7. The estimation method according to claim 6, characterized in that, The step of obtaining the corrected health state value of the battery system based on the second changed capacity, the nominal capacity of the system, and the state of charge difference includes: Multiplying the nominal capacity of the system by the difference in state of charge yields the variable capacity of the system. Divide the second change capacity by the system change capacity to obtain the corrected health status value.

8. The estimation method according to claim 6, characterized in that, The step of weightedly fusing the real-time health status value and the corrected health status value to obtain the final health status value of the battery system includes: A first weight value is determined based on either the first change capacity or the second change capacity; The second weight value is determined based on the interval between the current correction time and the previous correction time. The current correction time is the time when the real-time health status value is corrected this time, and the previous correction time is the time when the real-time health status value was corrected last time. Both the first weight value and the second weight value are less than or equal to 1. The final health status value is obtained based on the target weight value, the real-time health status value, and the corrected health status value, wherein the target weight value is the product of the first weight value and the second weight value.

9. The estimation method according to claim 8, characterized in that, The process of obtaining the final health status value based on the target weight value, the real-time health status value, and the corrected health status value includes: Multiply the target weight value by the corrected health status value to obtain the first health status value; The reference weight value is multiplied by the real-time health status value to obtain the second health status value, where the reference weight value is the difference between 1 and the target weight value. The first health status value and the second health status value are summed to obtain the final health status value.
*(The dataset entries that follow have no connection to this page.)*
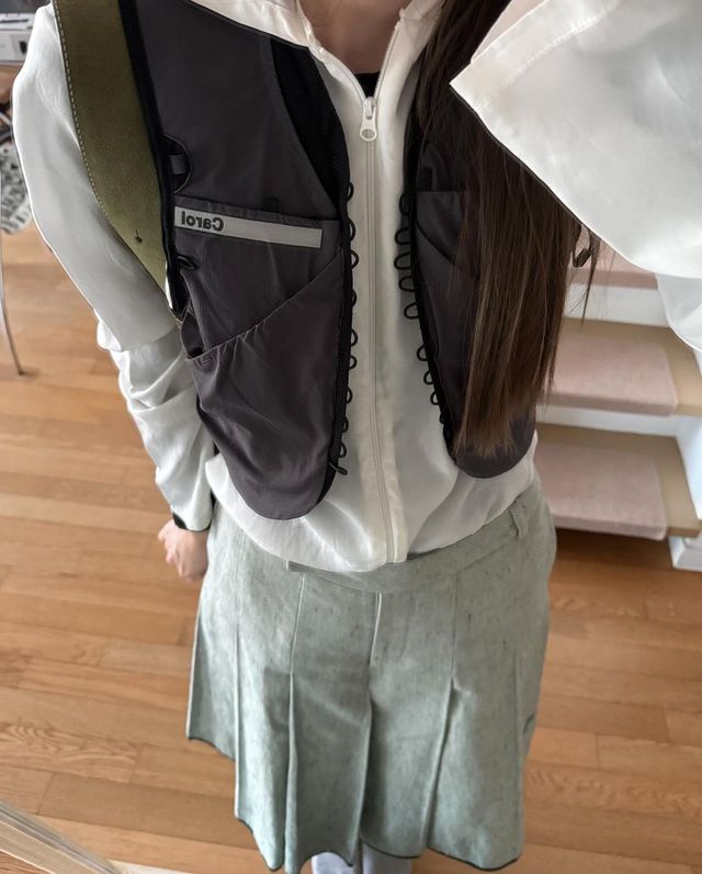 조끼를 입는 데 있어 정해진 문법은 없습니다. 러닝 열풍과 함께 핫 아이템으로 떠오른 러닝 베스트 역시 센스 있는 일상 스타일링을 위한 좋은 선택이 될 수 있죠. 플리츠 스커트 위에 스포티한 러닝 베스트를 매치한 오눅의 룩을 참고해 보세요.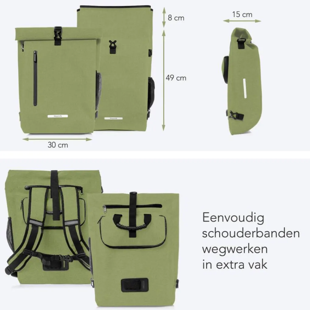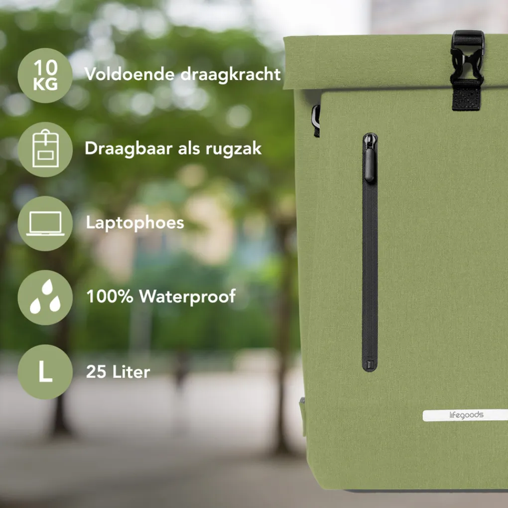 Fietstas, rugtas en schoudertas Ontspannen fietsen en lekker genieten van de landschappen? Stop je lunch en water in de LifeGoods Fietstas en je fietstocht kan beginnen. Daarnaast is de fietstas ook te gebruiken als rugtas en schoudertas. Perfect om mee naar werk te nemen! Gearriveerd op werk? Haal de schouderbanden uit de tas en je kan de tas op je rug of aan je schouder meenemen.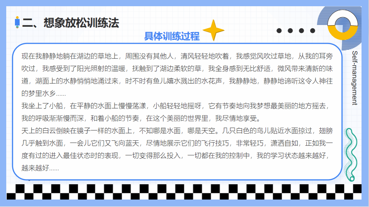 实践出真知,在学习放松技术过程中,我们引导同学们开展了多次的呼吸放松、想象放松的训练,让同学们切身感受到放松技术的作用。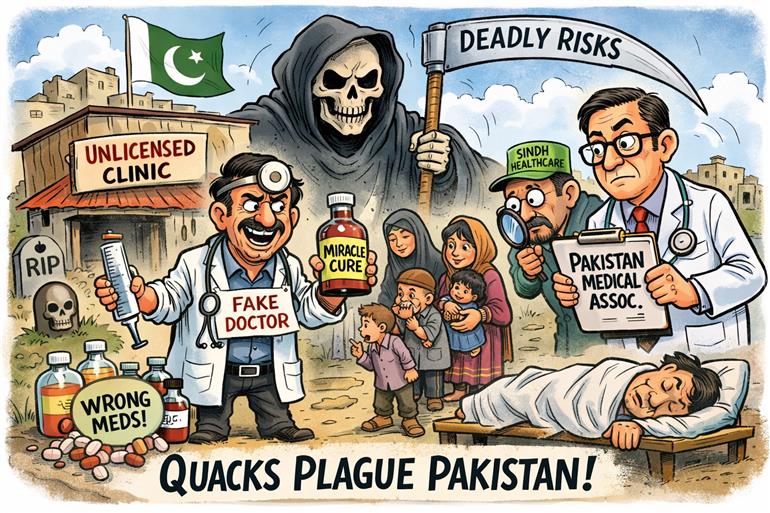 ਪਾਕਿਸਤਾਨ ਵਿੱਚ ਇੱਕ ਗੰਭੀਰ ਅਤੇ ਚਿੰਤਾਜਨਕ ਸਿਹਤ ਸੰਕਟ ਸਾਹਮਣੇ ਆਇਆ ਹੈ। ਸਰਕਾਰੀ ਅਤੇ ਅਰਧ-ਸਰਕਾਰੀ ਅੰਕੜਿਆਂ ਮੁਤਾਬਕ ਦੇਸ਼ ਭਰ ਵਿੱਚ 6 ਲੱਖ ਤੋਂ ਵੱਧ ਨਕਲੀ ਜਾਂ ਗੈਰ-ਲਾਇਸੈਂਸ ਡਾਕਟਰ ਸਰਗਰਮ ਹਨ, ਜੋ ਬਿਨਾਂ ਮਾਨਤਾ ਪ੍ਰਾਪਤ ਡਿਗਰੀਆਂ ਅਤੇ ਰਜਿਸਟ੍ਰੇਸ਼ਨ ਦੇ ਮਰੀਜ਼ਾਂ ਦਾ ਇਲਾਜ ਕਰ ਰਹੇ ਹਨ। ਇਹ ਖੁਲਾਸਾ Pakistan Medical Association ਅਤੇ Sindh Healthcare Commission ਦੀਆਂ ਰਿਪੋਰਟਾਂ ਵਿੱਚ ਕੀਤਾ ਗਿਆ ਹੈ।

10. A battery management system, characterized in that, The system includes a processor and a memory, the processor being communicatively connected to the memory, the memory storing computer program instructions executable by the processor, the computer program instructions being executed by the processor to cause the battery management system to perform the battery system health state value estimation method as described in any one of claims 1 to 9.

11. A battery system, characterized in that, The battery pack includes multiple battery packs connected in series and a battery management system as described in claim 10, wherein the battery management system is connected to each of the battery packs and a battery pack includes multiple individual cells.

12. A computer-readable storage medium, characterized in that, The computer-readable storage medium stores computer program instructions that, when executed by a processor, cause the processor to perform the method for estimating the state of health of a battery system as described in any one of claims 1 to 9.